Sunday, October 16, 2005


Craft Talk with Slade Badiner

First things first: Gillian's work in this year's Turner prize.
Go hump a door. I'll show you ass pics.
You want to know what was breathtaking in its richness? I loved Perm "# 1 stiff" Nipples show in the make-shift shack downtown. That's right, I loved it. Dark, sad, sexual, stupid and brilliant...actually, how about we stop using the word brilliant to describe artwork around here? Do I have a ringtone? NO.
Do I want to visit your female hair loss site? NO.
Would I listen to Rick "SCTV" Moranis's Country CD? I would. Read the lyrics.

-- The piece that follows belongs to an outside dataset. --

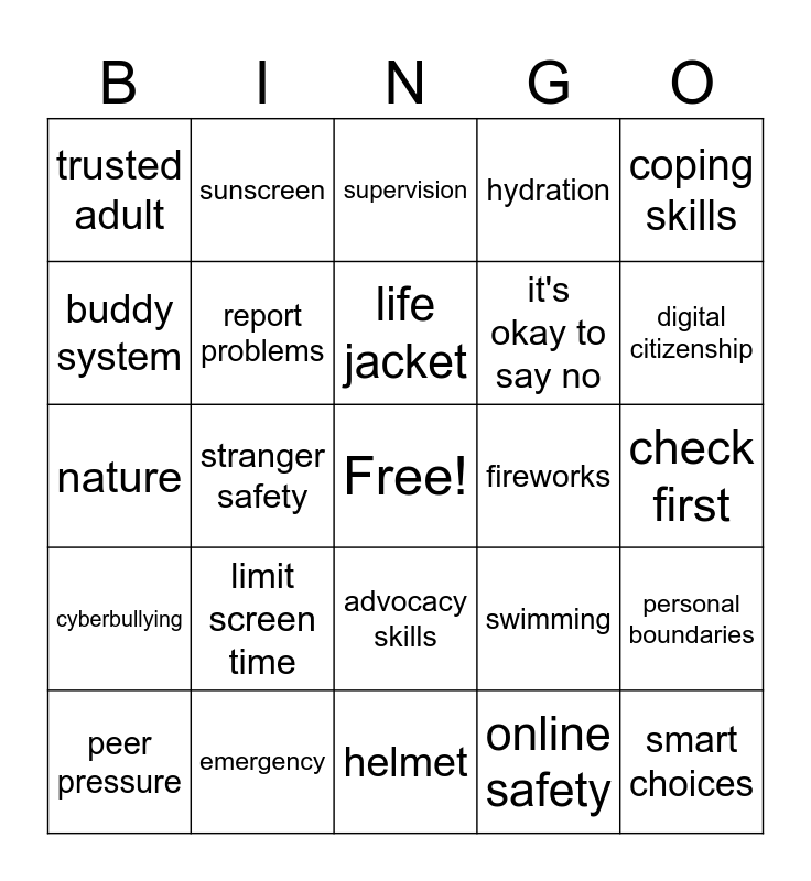 This bingo card has a free space and 24 words: limit screen time, emergency, life jacket, peer pressure, coping skills, trusted adult, buddy system, sunscreen, fireworks, advocacy skills, it's okay to say no, nature, swimming, personal boundaries, report problems, online safety, check first, supervision, digital citizenship, stranger safety, smart choices, cyberbullying, hydration and helmet.

Do I like crap shrimp at art openings? Sure. Why not. When I'm hungry I'll eat anything. Get me drunk every first friday, I don't care. Pack them in with wine boxes and ham. I'm no snob. Forget the artwork. I'll just walk up to knickerbockers or get a tattoo. Now, for the chick that sent me her pubic hair drawing, thanks. That was a butterfly, right? Email me something. I'll get it, you little brat you. Mapplethorpe and Serrano are still being used by the government to put chasity belts on artists. Unreal. For now that's it. Go write on your hand cause I'm going to go watch a performance of some guy masterbating between two kittens. Should be fun.